──────── DATA SEGMENT

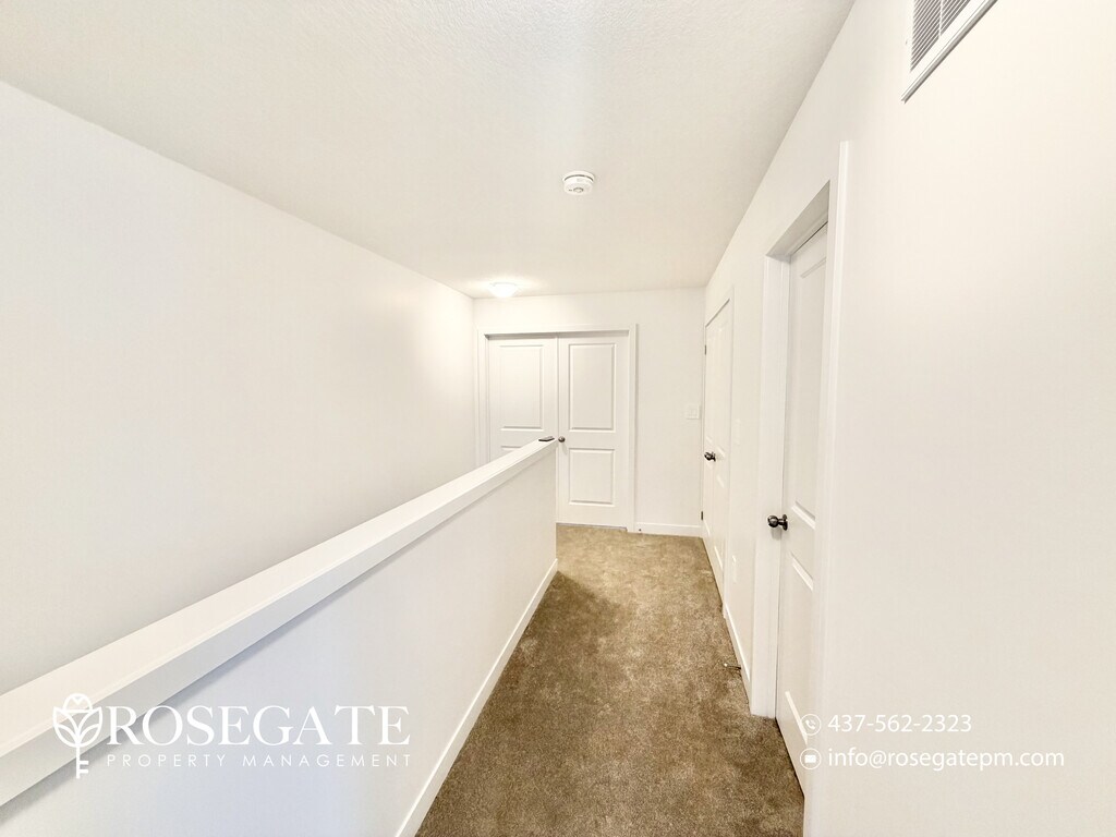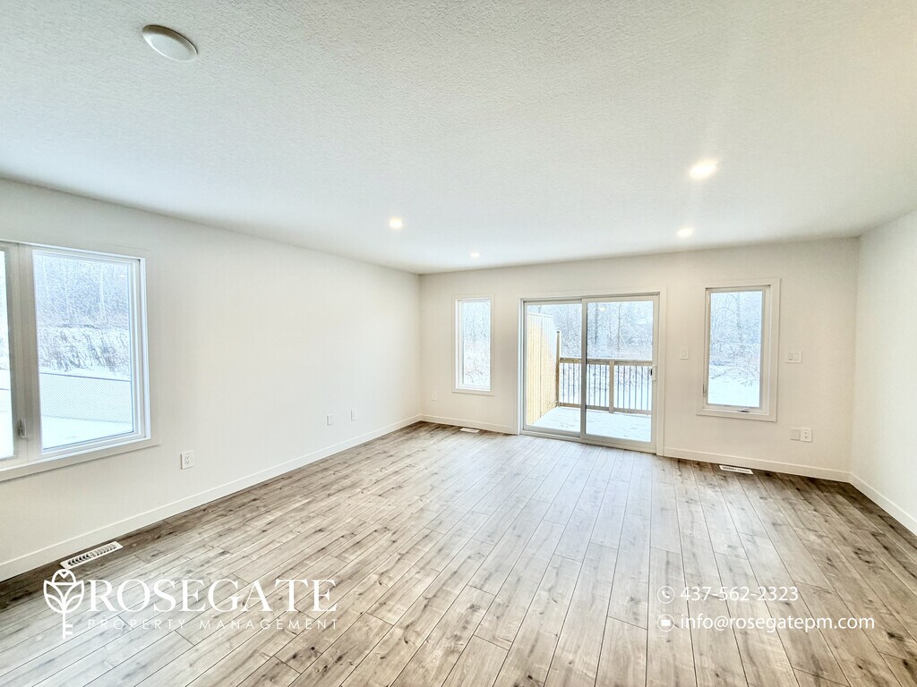 Pet-Friendly 4-Bedroom Detached Home with Garage & Backyard in Cambridge Welcome to 27 Oak Frst Cmn, Cambridge — a spacious and modern detached home offering approximately 1,800 sq. ft. of beautifully designed living space. Featuring 4 bedrooms and 3.5 bathrooms, this property is ideal for growing families or professionals seeking space, comfort, and privacy in a desirable Cambridge neighbourhood.The bright, open-concept layout includes generous living and dining areas, a well-appointed kitchen, and multiple bathrooms for added convenience. The primary bedroom offers a walk-in closet and access to a private balcony, creating a peaceful retreat. Large windows throughout the home bring in abundant natural light, enhancing the warm and welcoming atmosphere.Enjoy outdoor living with a private backyard, perfect for entertaining or relaxing. Additional features include two parking spaces (full driveway and garage) and small pets allowed. Professionally managed by Rosegate Property Management, this home is close to schools, parks, shopping, and transit—offering premium detached home living in Ontario.
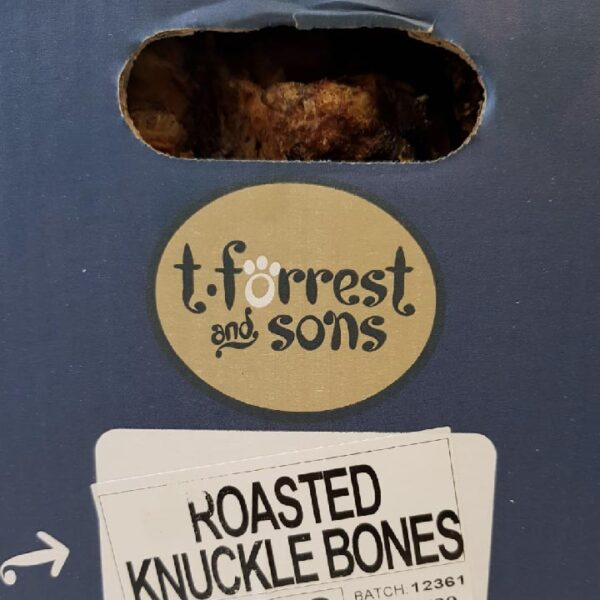 T Forrest and Sons roasted knuckle bones are a perfect for a treat or reward. The knuckle bones are slowly roasted in our ovens to obtain a perfect golden colour and perfect texture. This method has been passed down through generations, we know how to cook a perfect knuckle every time. These knuckles will provide your dog with long lasting enjoyment and regular chewing will help keep teeth and gums healthy.
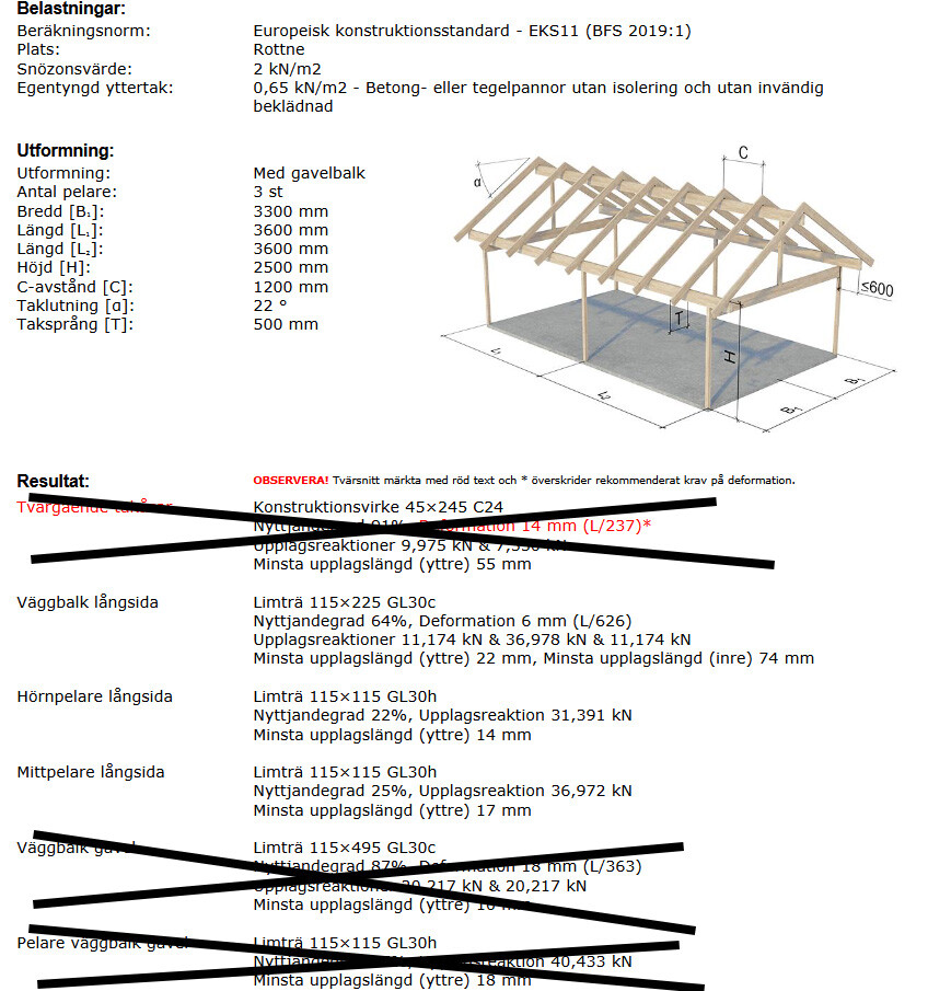 Men att det inte ska räcka med 3st 115*115 limträpelare för min carport har jag nog lite svårt att förstå. Har både haft en firma att räkna ut detta och pratat med snickarna om detta som jag ändå köpt virket igenom, så de borde väl dragit i handbromsen?

────────────────

EXERCISE OBJECTIVE - Copy out the data above exactly, except the pictures.

OUTPUT OF THE TASK -
 Pet-Friendly 4-Bedroom Detached Home with Garage & Backyard in Cambridge Welcome to 27 Oak Frst Cmn, Cambridge — a spacious and modern detached home offering approximately 1,800 sq. ft. of beautifully designed living space. Featuring 4 bedrooms and 3.5 bathrooms, this property is ideal for growing families or professionals seeking space, comfort, and privacy in a desirable Cambridge neighbourhood.The bright, open-concept layout includes generous living and dining areas, a well-appointed kitchen, and multiple bathrooms for added convenience. The primary bedroom offers a walk-in closet and access to a private balcony, creating a peaceful retreat. Large windows throughout the home bring in abundant natural light, enhancing the warm and welcoming atmosphere.Enjoy outdoor living with a private backyard, perfect for entertaining or relaxing. Additional features include two parking spaces (full driveway and garage) and small pets allowed. Professionally managed by Rosegate Property Management, this home is close to schools, parks, shopping, and transit—offering premium detached home living in Ontario.
 T Forrest and Sons roasted knuckle bones are a perfect for a treat or reward. The knuckle bones are slowly roasted in our ovens to obtain a perfect golden colour and perfect texture. This method has been passed down through generations, we know how to cook a perfect knuckle every time. These knuckles will provide your dog with long lasting enjoyment and regular chewing will help keep teeth and gums healthy.
 Men att det inte ska räcka med 3st 115*115 limträpelare för min carport har jag nog lite svårt att förstå. Har både haft en firma att räkna ut detta och pratat med snickarna om detta som jag ändå köpt virket igenom, så de borde väl dragit i handbromsen?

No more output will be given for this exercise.